▶ **Input data**
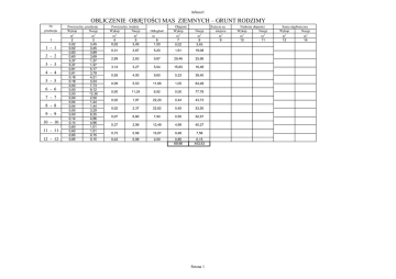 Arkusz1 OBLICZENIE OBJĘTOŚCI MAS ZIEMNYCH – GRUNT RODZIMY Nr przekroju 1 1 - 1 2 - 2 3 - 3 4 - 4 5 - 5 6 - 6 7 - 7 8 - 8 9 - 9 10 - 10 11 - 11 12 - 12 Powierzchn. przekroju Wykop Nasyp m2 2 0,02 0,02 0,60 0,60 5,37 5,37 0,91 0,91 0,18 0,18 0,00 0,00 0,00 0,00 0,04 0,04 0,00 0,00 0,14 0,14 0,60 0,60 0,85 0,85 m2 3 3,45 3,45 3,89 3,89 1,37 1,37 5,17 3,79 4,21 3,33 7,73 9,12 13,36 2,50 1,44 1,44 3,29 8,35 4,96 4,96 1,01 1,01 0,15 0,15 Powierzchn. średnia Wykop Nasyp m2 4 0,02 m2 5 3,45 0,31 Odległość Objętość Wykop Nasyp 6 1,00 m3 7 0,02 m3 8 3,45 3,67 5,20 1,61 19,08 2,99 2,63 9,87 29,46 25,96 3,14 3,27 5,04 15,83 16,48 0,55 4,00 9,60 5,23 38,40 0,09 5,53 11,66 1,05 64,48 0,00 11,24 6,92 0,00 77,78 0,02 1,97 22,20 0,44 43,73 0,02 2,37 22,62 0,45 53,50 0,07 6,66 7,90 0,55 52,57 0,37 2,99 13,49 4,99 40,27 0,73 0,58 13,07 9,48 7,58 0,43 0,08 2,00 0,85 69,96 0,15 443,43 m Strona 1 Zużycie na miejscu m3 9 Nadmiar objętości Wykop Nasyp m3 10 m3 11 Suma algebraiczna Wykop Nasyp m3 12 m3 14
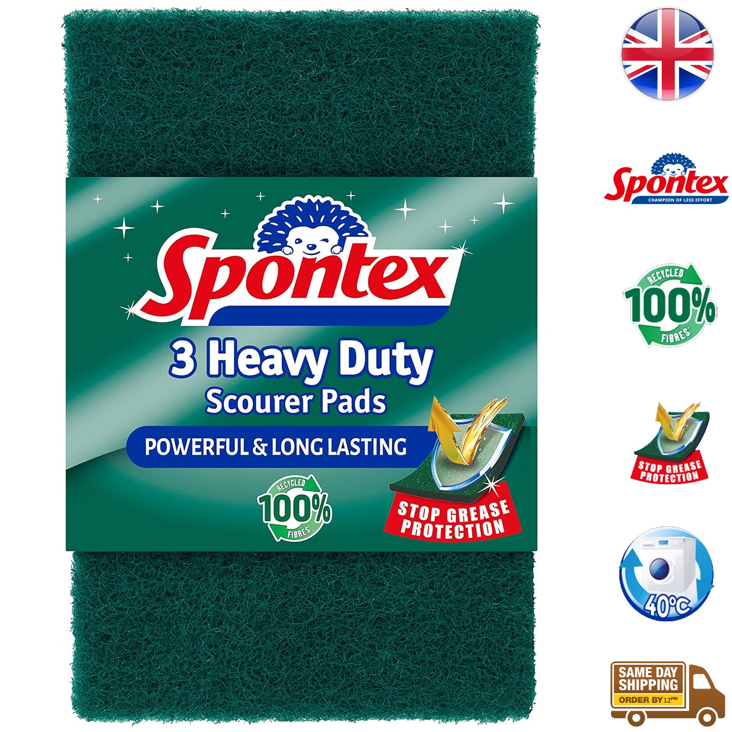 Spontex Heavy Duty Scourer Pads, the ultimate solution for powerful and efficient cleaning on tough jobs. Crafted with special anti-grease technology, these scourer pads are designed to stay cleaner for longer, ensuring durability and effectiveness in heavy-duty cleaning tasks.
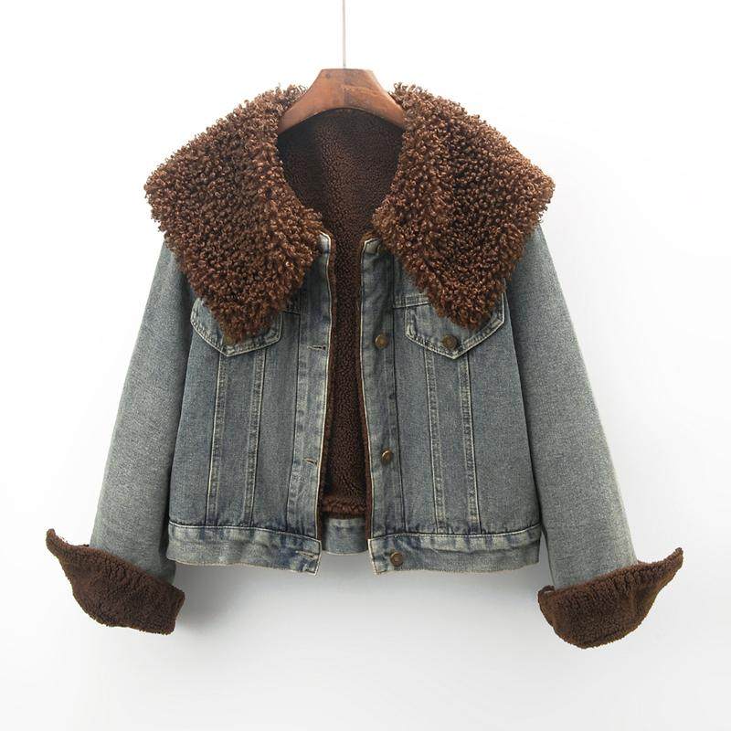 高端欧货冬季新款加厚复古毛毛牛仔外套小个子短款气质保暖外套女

▶ **What this task involves**
Give again exactly the lines from the one that contains "Spontex Heavy Duty" through the end of the material, both ends included, omitting the pictures.

▶ **Exercise solution**
 Spontex Heavy Duty Scourer Pads, the ultimate solution for powerful and efficient cleaning on tough jobs. Crafted with special anti-grease technology, these scourer pads are designed to stay cleaner for longer, ensuring durability and effectiveness in heavy-duty cleaning tasks.
 高端欧货冬季新款加厚复古毛毛牛仔外套小个子短款气质保暖外套女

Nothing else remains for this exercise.